К концу недели его уже знали все — алчный рот, нестерпимо мрачные глаза, упрямое, злое, выбритое до синевы лицо, словно фотомонтаж, на котором слились черты Вольтера и пирата елизаветинских времен. Его называли «профессором», так же как его предшественника, хотя он выглядел нисколько не старше своих двадцати одного года и хотя вся школа помещалась в одной-единственной комнате, где были смешаны в полнейшем беспорядке ученики от шестилетних малышей до девятнадцатилетних юношей, которых он должен был встречать кулаками, дабы не уронить свое профессорское звание, и классы от младшего, зубрившего азбуку, до старшего, осваивавшего начатки простых дробей. Он учил их всему. Как купец носит ключ от своей лавки, так он носил в кармане ключ от школы. Каждое утро он отпирал ее и подметал пол, делил мальчиков по возрасту и росту на две команды — водоносов и дровосеков, и внушениями, угрозами, насмешками и силой заставлял их работать, иногда помогая им, — не для того, чтобы подать пример, а с чувством какого-то презрительного и непроизвольного физического удовольствия, чтобы дать выход избытку сил. Он без пощады оставлял старших мальчиков после уроков, загораживал собой дверь, запирал ее на засов и тумаками гнал их от открытых окон. Он заставлял их лезть вместе с ним па крышу, менять дранку и делать всякую другую работу, о чем прежде приходилось заботиться Уорнеру, как попечителю, после того как учитель, бывало, прожужжит ему все уши своими жалобами. По вечерам прохожие видели ослепительное ровное сияние патентованной лампы в окне его каморки, а он сидел за книгами, которые он любил совсем не так горячо, как воображал, но был вынужден читать их, постигать, высасывать и выжимать до последней капли, с тем же презрительным упорством, с каким он рубил дрова, отмеряя прочитанные страницы чередою секунд безвозвратно уходящего времени, которое ползет медленно, но неуклонно, как гусеница.
Каждую пятницу на исходе дня он шел в загон Уорнера, садился на жилистую, крепкую, узкоголовую лошадь и ехал туда, где на завтра была назначена игра, или на железнодорожную станцию, чтобы сесть в поезд, порой едва поспевая натянуть форму перед самым свистком судьи. Но в понедельник утром он неизменно был снова в школе, хотя в иных случаях от четверга до понедельника спал только одну ночь — субботнюю. После игры между колледжами двух штатов в День благодарения мемфисская газета поместила его портрет. Он был в своей футбольной форме, и потому на Французовой Балке нашли бы, вероятно, что портрет не похож. Но имя значилось его, и его бы, надо думать, узнали, только газету он с собой не привез.
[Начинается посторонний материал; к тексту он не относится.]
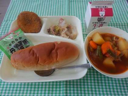 <牛乳 黒糖パン チキンレバーカツ ケチャップ煮 たことキャベツのバジルソテー やわらか黒豆>
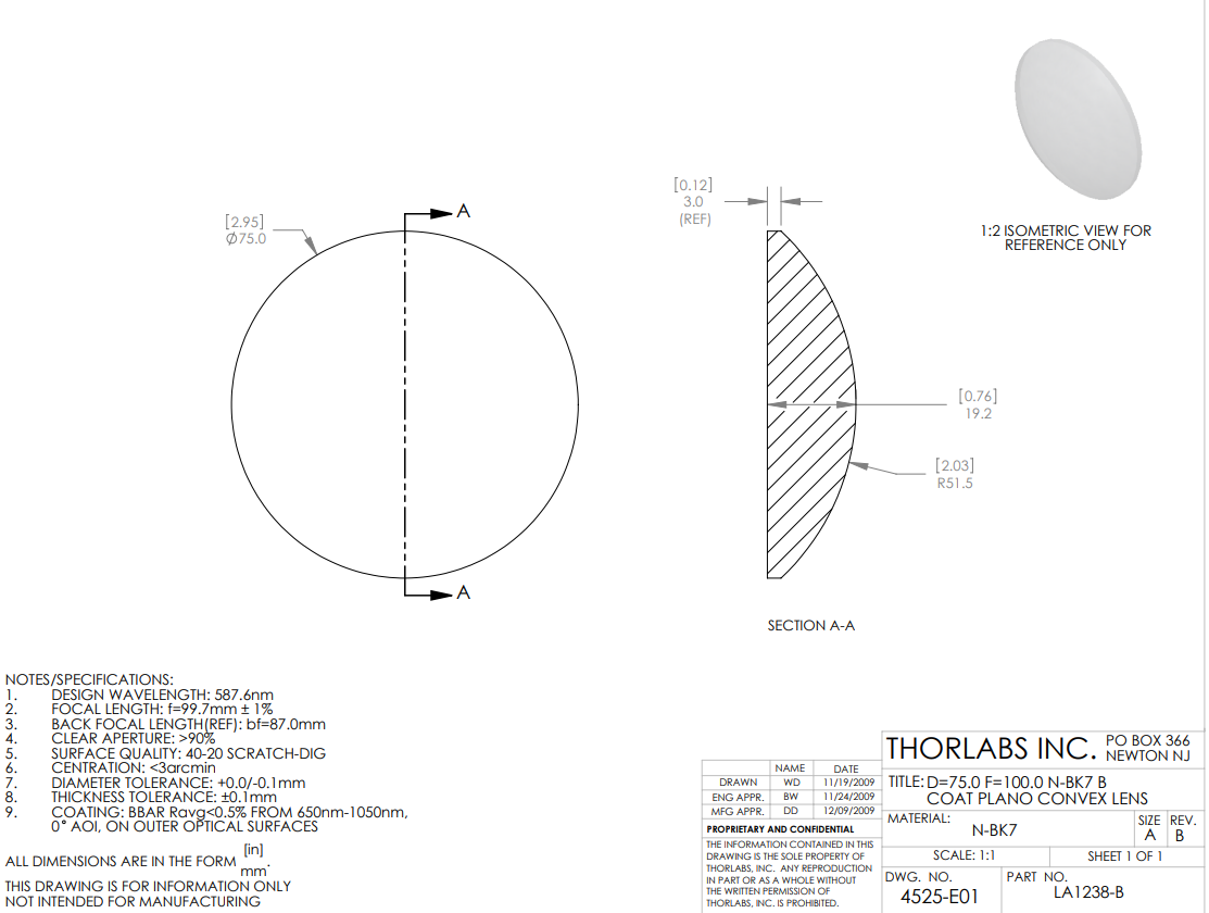 Thorlabs索雷博 LA1238-B 平凸透镜

Они понятия не имели, чем он занимается по субботам и воскресеньям, было известно лишь, что у него какие-то дела в университете. Впрочем, их это и не занимало. Они его признали, но хотя, став учителем, он сподобился некоего отличия, это могло считаться отличием только среди женщин и ценилось только в женском мире, все равно как духовный сан. Ему не возбранялось прикладываться к бутылке, но пить с ним они не стали бы, и хотя при нем они не были так сдержанны на язык, как при настоящем священнике, но если бы и он вздумал что-нибудь себе позволить, то в следующем полугодии мог бы лишиться места, и он это понимал. Он принимал эти взаимоотношения такими, как они складывались, и даже сам старался поддержать свою репутацию все с той же угрюмой сосредоточенностью, в которой были и гордость и вызов, но в общем серьезно и спокойно.
Во время экзаменов в университете его не было целую неделю. Вернувшись, он убедил Уорнера устроить баскетбольную площадку. Большую часть работы он сделал сам со старшими мальчиками и научил их играть, К концу следующего года команда Французовой Балки уже победила всех противников, с которыми ей удалось встретиться, а еще через год, играя в команде сам, Лэбоув повез своих ребят в Сент-Луис, где они, в комбинезонах и босиком, взяли первенство долины Миссисипи, обыграв всех претендентов.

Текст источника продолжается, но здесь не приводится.